Problems distributing tasks among CUDA threads

Hello!
I’m working on some task related to graph traversal (Viterbi algorithm)
Each time step I have a compacted set of active states, some job is done in each state, and than results are propagated through outgoing arcs to each arc’s destination state and so new active set of states is built.
The problem is that number of outgoing arcs varies very heavily , from two or three to several thousands. So compute threads are loaded very ineffectively. I try to share the job like this:

int tx = threaIdx.x;

extern shared int smem;

int *stateSet_s = smem;
int arcSet_s = &(smem[Q_LEN]);
float scores_s = (float)&(smem[2
Q_LEN]);

shared int arcCnt;
shared int stateCnt;

if ( tx == 0 )
{
arcCnt = 0;
stateCnt = 0;
}

__syncthreads();

//load state index from compacted list of state indexes
int stateId = activeSetIn_g[gtx];

float srcCost = scores_g[ stateId ];
int startId = outputArcStartIds_g[stateId];

int nArcs = outputArcCounts_g[stateId]; //amount of job to be done

/////////////////////////////////////////////
/// prepare arc set
/// !!! that is the troubled code I think !!!

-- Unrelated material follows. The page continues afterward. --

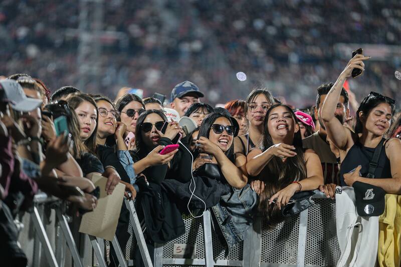 El público de Aventura es eminentemente popular y goza con el setlist que resuena a alto volumen. Karol G, Daddy Yankee, Juan Luis Guerra -el pionero en popularizar la bachata en los 90 en Hispanoamérica y luego a escala mundial-, y Zion & Lennox, entre otros, son parte de la previa; también un mix con Santaferia, Chico Trujillo y Rafaella Carrá, en una combinación kitsch que cumple el objetivo de calentar el ambiente. Pero son las canciones urbanas las que más corea y baila espontáneamente la asistencia; hits como Papi chulo, Chocha, culo, teta y Ultra solo, en un arco que abarca un par de décadas de música hecha en la América morena que caló en la masa, desplazando al histórico dominio del cancionero anglo en el paladar masivo.
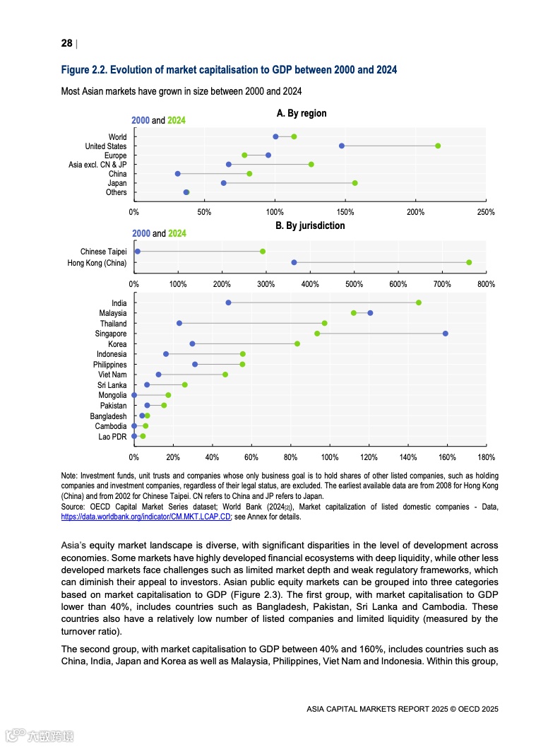 资本市场能够通过从广泛多元的投资者群体中调动大规模资金来为创新提供融资,因此特别适合支持雄心勃勃的创新驱动型企业。它们还提供了开发新兴技术所需的风险资本。市场融资水平较高的亚洲经济体在创新方面更为成功。

int myPos = atomicAdd ( &arcCnt, nArcs );

while ( nArcs > 0 ) && ( myPos < Q_LEN ) )
{
scores_s[myPos] = srcCost;
arcSet_s[myPos] = startId + nArcs - 1;

myPos++;
nArcs--;

}

__syncthreads();

//////////////////////////////////////
/// parallel propagate arc set

if ( arcSet_s[tx] > 0 )
{
FstArc arc = arcs_g[ arcSet_s[tx] ];
float srcCost_ = scores_s[tx];

DoSomeJob ( &srcCost_ );

int *dst = &(transitionData_g[arc.dst]);

int old = atomicMax( dst, FloatToInt ( srcCost_ ) );				

////////////////////////////////
//// new active set

if ( old == ILZERO )
{
	int pos = atomicAdd ( &stateCnt, 1 );
	stateSet_s[ pos ] = arc.dst;			
}			

}

/////////////////////////////////////////////
/// transfer new active set from smem to gmem

__syncthreads();

shared int gPos;

if ( tx == 0 )
{
done = 0;
gPos = atomicAdd ( activeSetOutSz_g, stateCnt );
}

__syncthreads();

if ( tx < stateCnt )
{
activeSetOut_g[gPos + tx] = stateSet_s[tx];
}

__syncthreads();

if ( ( gtx >= total ) && ( nArcs == 0 ) )
{
atomicAdd ( &done, 1 );
}

__syncthreads();

But it runs very slow, I mean slower then if no active set is used (active set = all states), though active set is 10 – 15 percent of all states. Register pressure raised heavily, occupancy is low, but I don’t think something can be done with it.
May be there are more effective ways of job sharing among threads?